IRAQ: A death in Fallouja remembered
There are spots like it throughout Fallouja: places where young Marines died in the fight with insurgents. The only difference with this place is that I was there when it happened.
It was early in the April 2004 clash. A mob had murdered Blackwater employees. The Marines were ordered to rout the insurgents from the city.
The Humvee I was in stopped beneath a freeway overpass as fighting raged several hundred yards away. I watched as a Navy doctor, corpsmen and Marines worked feverishly to save a Marine who had been shot in the head by an insurgent sniper from his vantage point in a mosque.
Finally the doctor declared the Marine dead and led a prayer. The body was zipped up in a large rubber bag. Within a few minutes a vehicle arrived with then-Col. John Toolan, the plain-spoken Irishman from Brooklyn who was leading the assault.
He walked over to the body bag and stood there silently for a long time, looking down. His body language spoke of grief. He wiped his eyes and went back to his vehicle.
Now Fallouja is recovering. The road where the doctor tried to save the Marine's life is swept clean. Cars carrying shoppers whiz by.

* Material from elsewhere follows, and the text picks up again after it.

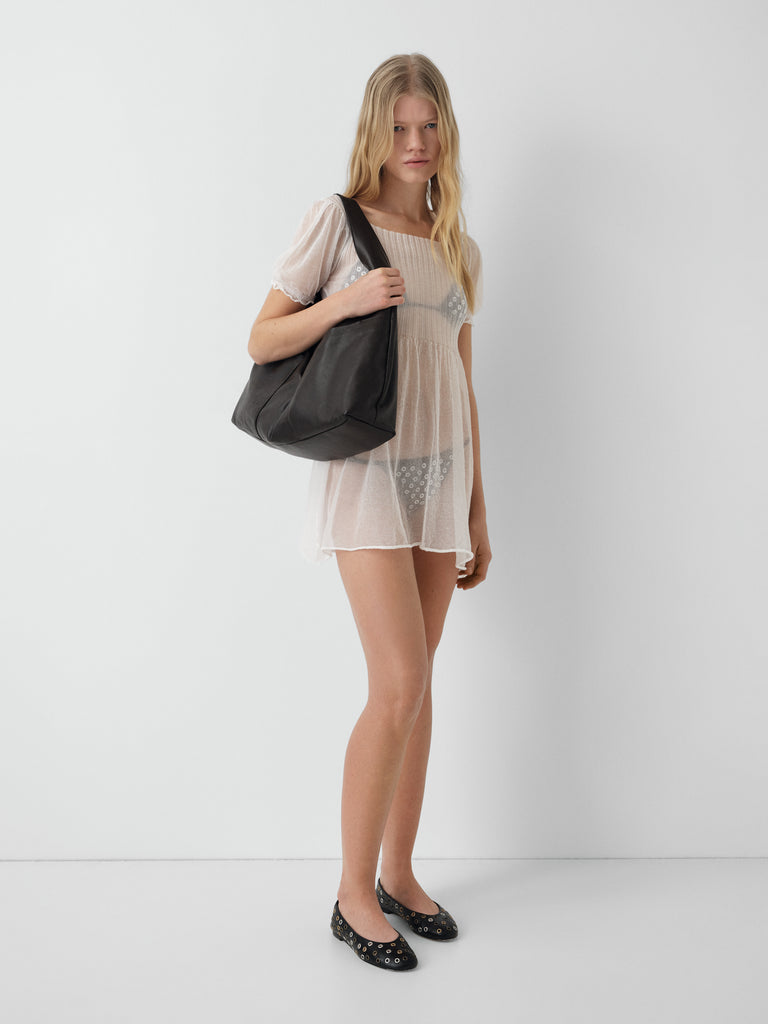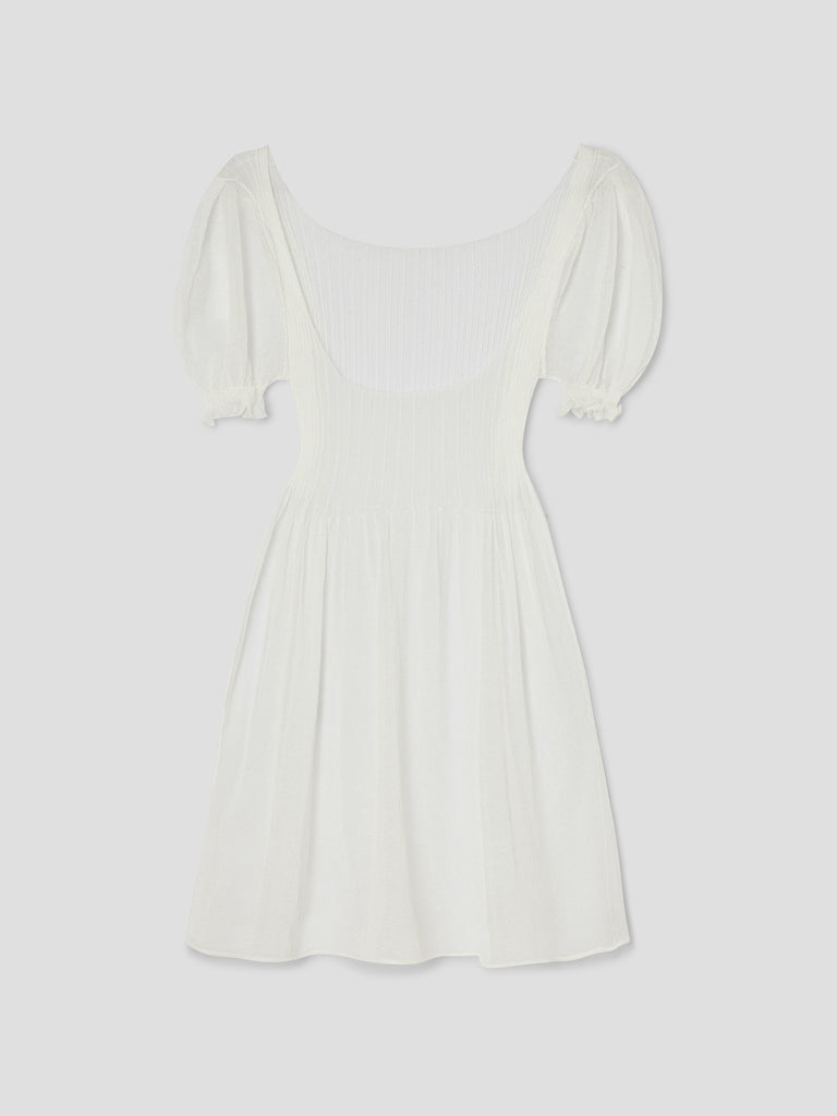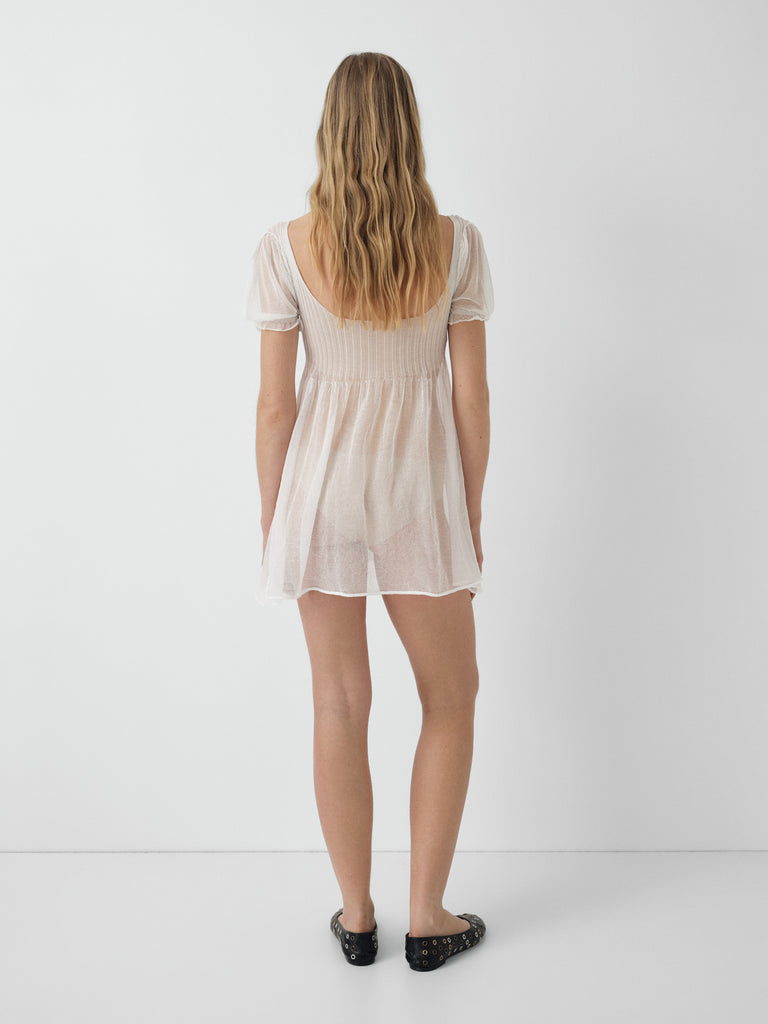 White semi-sheer mini dress with a curved scoop neckline.

There is nothing to note the death that occurred there, no marker, just memories, one of which is mine.
— Tony Perry in Fallouja
Photo: A road leading to downtown Fallouja, peaceful now but a place of death in April 2004. Credit: Tony Perry / Los Angeles Times


What might have been if Blackwater hadn't recklessly sent those men to their deaths, causing the Administration to panic ordering then stopping the battle for Fallujah. The Marines are now doing what they wanted to do years ago, pay off the Sunnis, do some reconstruction and create make work for idle hands.